Haskins could’ve fled from the Saved by the Bell association. Instead he chose to lean into the fact that audiences across the globe saw him as Mr. Belding for years after the show ended. He was one of the last cast members to stand by their troubled Screech, Dustin Diamond, and continued to embrace the Belding everywhere from Jimmy Fallon to Twitter, where his handle is—of course—@mrbelding.
“If I had run away from being Mr. Belding or said, “No, I don’t want to talk about it,’ it would have been wrong,” he said. “I just know what courage it takes to walk up to somebody that you’ve looked up to or watched and say hi, and I’m not going to negate that for somebody. I’m going to say, ‘Thank you.’”

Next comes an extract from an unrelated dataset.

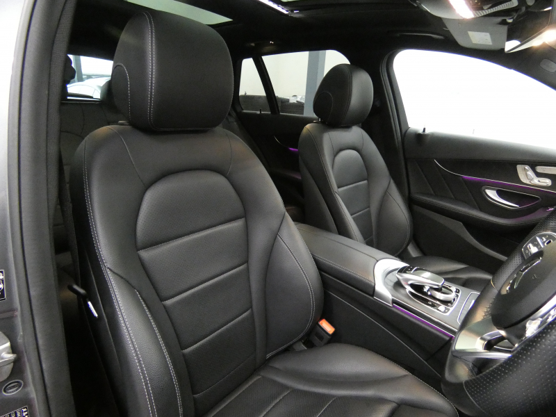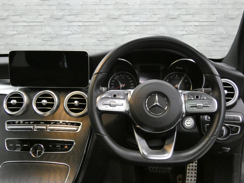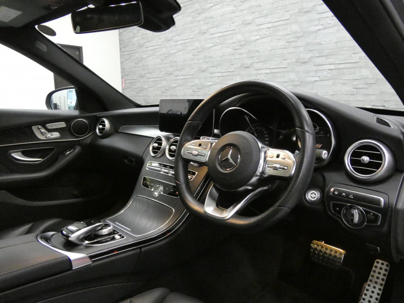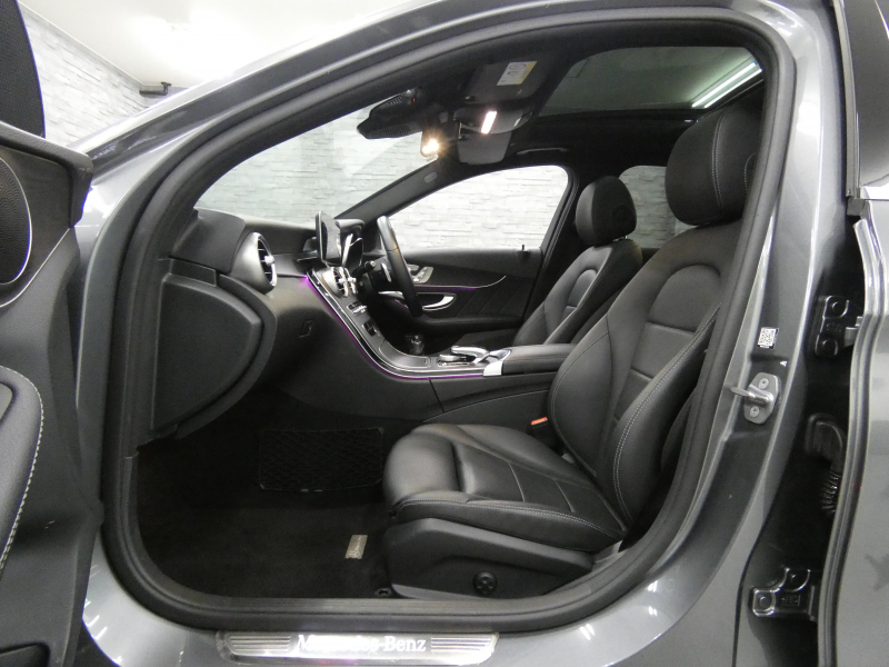 メルセデスベンツ Cクラス C200ステーションワゴンAVG AMGライン 後期(BSG搭載モデル) パノラミックSR 黒革 シートヒーター 純正ナビ 地デジ&CarPlay Bカメラ&PTS レーダーセーフティPKG マルチビームLED 電動テールゲート エアサス 純正18インチAW

His Belding fame has also afforded Haskins the opportunity to record albums, including a karaoke LP and a Record Store Day mash-up release he teamed with pal Shooter Jennings on last year. A few years ago wrestling fans lobbied to get him hired as the general manager of WWE’s RAW, but that, sadly, did not work out (“I mean, it was unbelievable,” he laughed. “And WWE were gracious to me.”)
He says the serendipitous flirtation with the WWE at least sparked unlikely friendships with some of wrestling’s biggest names, like Dolph Ziggler and The Miz. “I knew the Bellas before, when they were out of work and not in WWE,” he marveled, praising Brie Bella’s ten-women tag team triumph at WrestleMania.
Most of all, Haskins was elated to see another Zack in his life graduate to the big time: Not Zack Morris, but Zack Ryder, who won a ladder match on Sunday night to claim his first Intercontinental Title.
“He’s had over a million followers, he was hot for a while, and then he was dropped,” Haskins explained. “He created his spot and then he worked and he worked, he did main events and house shows, he did NXT, and he earned his way back.”
“Last night he won the title, and I’m so happy for him,” Haskins said, delighted. “Isn’t that cool?”